Today, his specialization lies at the intersection of liposome/nanoparticle technology and inhalation delivery. As the chief technology officer at Insmed Incorporated, a public biotech-pharmaceutical company, Perkins heads the research team, working to develop pharmaceutical therapies for rare diseases where there is high unmet medical need. His current work includes an inhaled liposomal amikacin drug, currently in a Phase 3 clinical trial and a Phase 2 clinical trial. “If it is approved, it will be used to treat Pseudomonas aeruginosa lung infections in cystic fibrosis patients, as well as patients with nontuberculous mycobacteria lung infections,” Perkins explained. This treatment, as well as others that he is working on, focus on inhalation as a route of administration, expanding his knowledge base to include a “reasonable understanding of aerosol delivery, aerodynamics, and airway deposition.”
Through the years, his biggest challenges have come not from the science, but from the supporting framework. Financial support, even in the pharmaceutical industry, is not unlimited. Perkins worked at a small venture capital funded company for several years, where pursuing research questions was limited to those that had potential to advance drug candidates down the pharmaceutical development path.

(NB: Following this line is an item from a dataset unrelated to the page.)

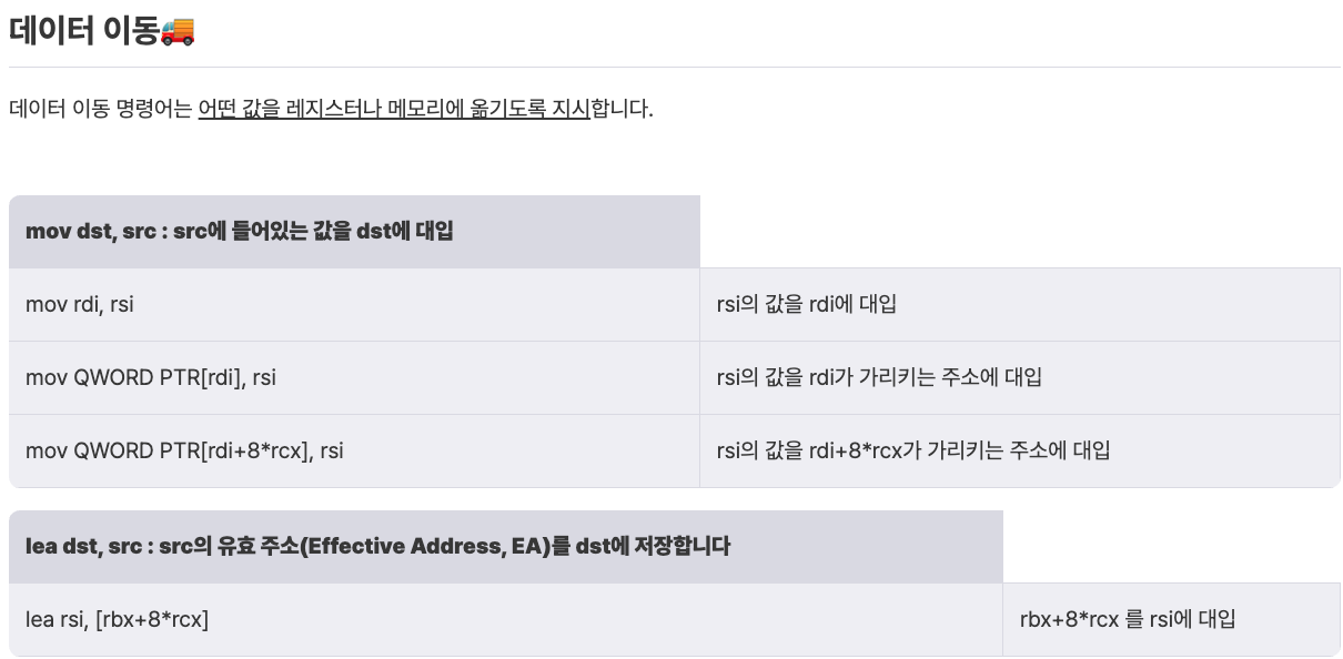 데이터 타입에는 BYTE(1바이트), WORD(2바이트), DWORD(4바이트), QWORD(8바이트)가 올 수 있음

Time management is also a challenge for Perkins. With career advancement came additional administrative responsibilities, limiting his time even further. He describes the pharmaceutical industry as seeming on occasion akin to an old-west cattle drive, saying, “You gather the herd, head toward your destination and start pushing forward; if you discover new geography or a beautiful landscape, you make note of it but keep pushing forward.” Time to investigate those beautiful landscapes—or dangling questions in research projects—is limited, “and often you aren’t able to return to explore further.”
Despite these limitations, Perkins finds his work extremely rewarding. Solving the mystery of what appeared to be a new phase transition in saturated chain phospholipids was a personally satisfying puzzle to solve. Additionally, the improvement in patient’s lives brought about by new therapies, and the interesting science employed to generate the therapies, keeps him pushing forward. “I really love what I do,” Perkins confessed. “I’d like to keep doing it until I can’t, even expanding my group and doing more mechanistic work into basic interactions.”
Perkins would like to examine more closely the role of epithelial cell responses to certain mediators affecting changes in the pulmonary vasculature, and to watch and wait in awe as the endless possibilities of biophysics move the field forward. “In my career, I have seen computers move from simple data crunchers to indispensable tools,” said Perkins. “The possibilities 25 years from now are hard to imagine.”